WORKING DATA:
******

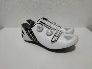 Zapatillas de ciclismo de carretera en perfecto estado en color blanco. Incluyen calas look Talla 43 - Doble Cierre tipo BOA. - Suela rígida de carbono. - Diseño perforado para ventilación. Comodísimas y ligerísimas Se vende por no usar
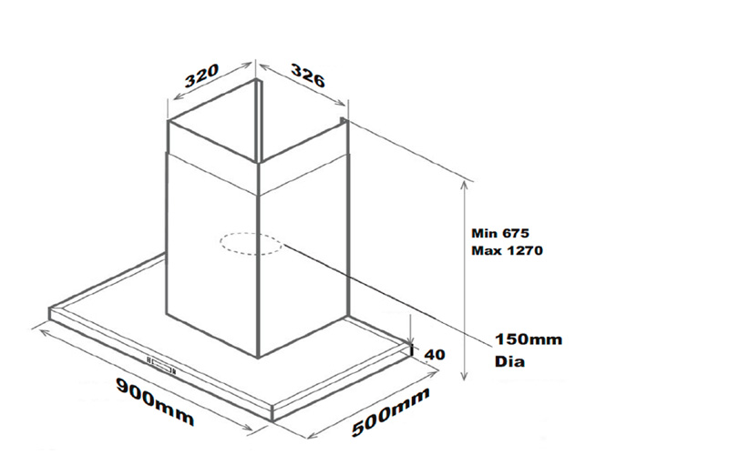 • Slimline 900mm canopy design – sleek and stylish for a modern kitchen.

******

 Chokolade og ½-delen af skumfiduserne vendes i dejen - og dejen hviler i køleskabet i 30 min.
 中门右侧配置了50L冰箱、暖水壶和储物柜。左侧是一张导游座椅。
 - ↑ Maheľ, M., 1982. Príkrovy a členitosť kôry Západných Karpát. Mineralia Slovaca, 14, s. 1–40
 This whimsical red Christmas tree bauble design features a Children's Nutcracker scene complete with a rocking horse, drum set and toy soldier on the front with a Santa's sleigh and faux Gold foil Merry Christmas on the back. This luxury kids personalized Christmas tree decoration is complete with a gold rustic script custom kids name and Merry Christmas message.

******

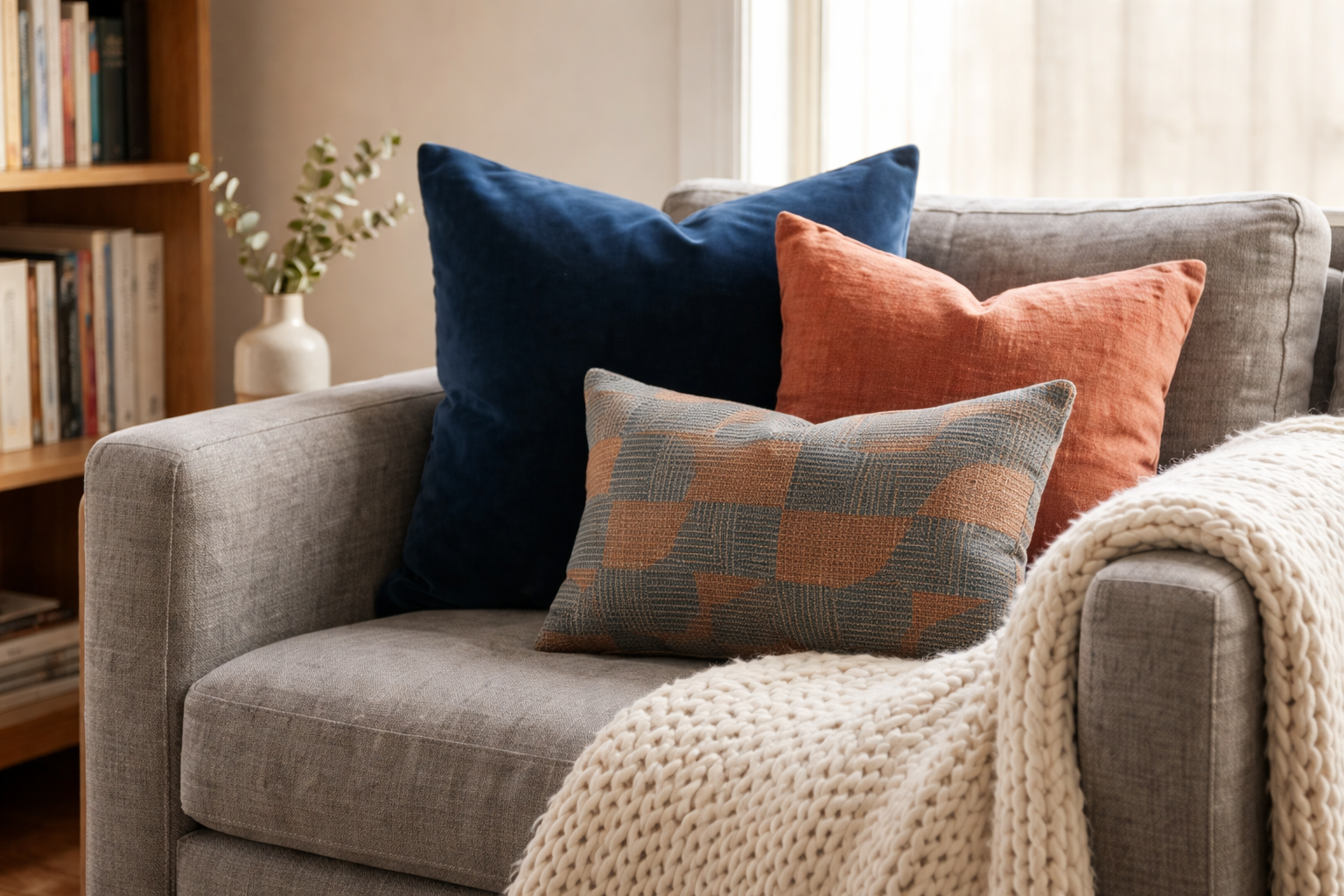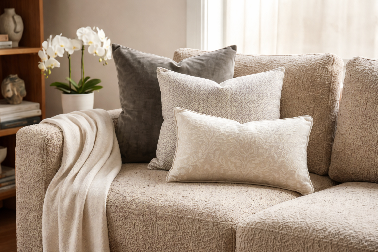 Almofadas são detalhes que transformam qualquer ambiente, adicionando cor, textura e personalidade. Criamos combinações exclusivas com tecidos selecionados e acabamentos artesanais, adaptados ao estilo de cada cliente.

******

REQUIREMENT: Copy, exactly and only, the lines above that begin with the one containing "Chokolade og ½-delen" and finish with the one containing "- ↑ Maheľ, M., 1982.".

WRITTEN SOLUTION:
 Chokolade og ½-delen af skumfiduserne vendes i dejen - og dejen hviler i køleskabet i 30 min.
 中门右侧配置了50L冰箱、暖水壶和储物柜。左侧是一张导游座椅。
 - ↑ Maheľ, M., 1982. Príkrovy a členitosť kôry Západných Karpát. Mineralia Slovaca, 14, s. 1–40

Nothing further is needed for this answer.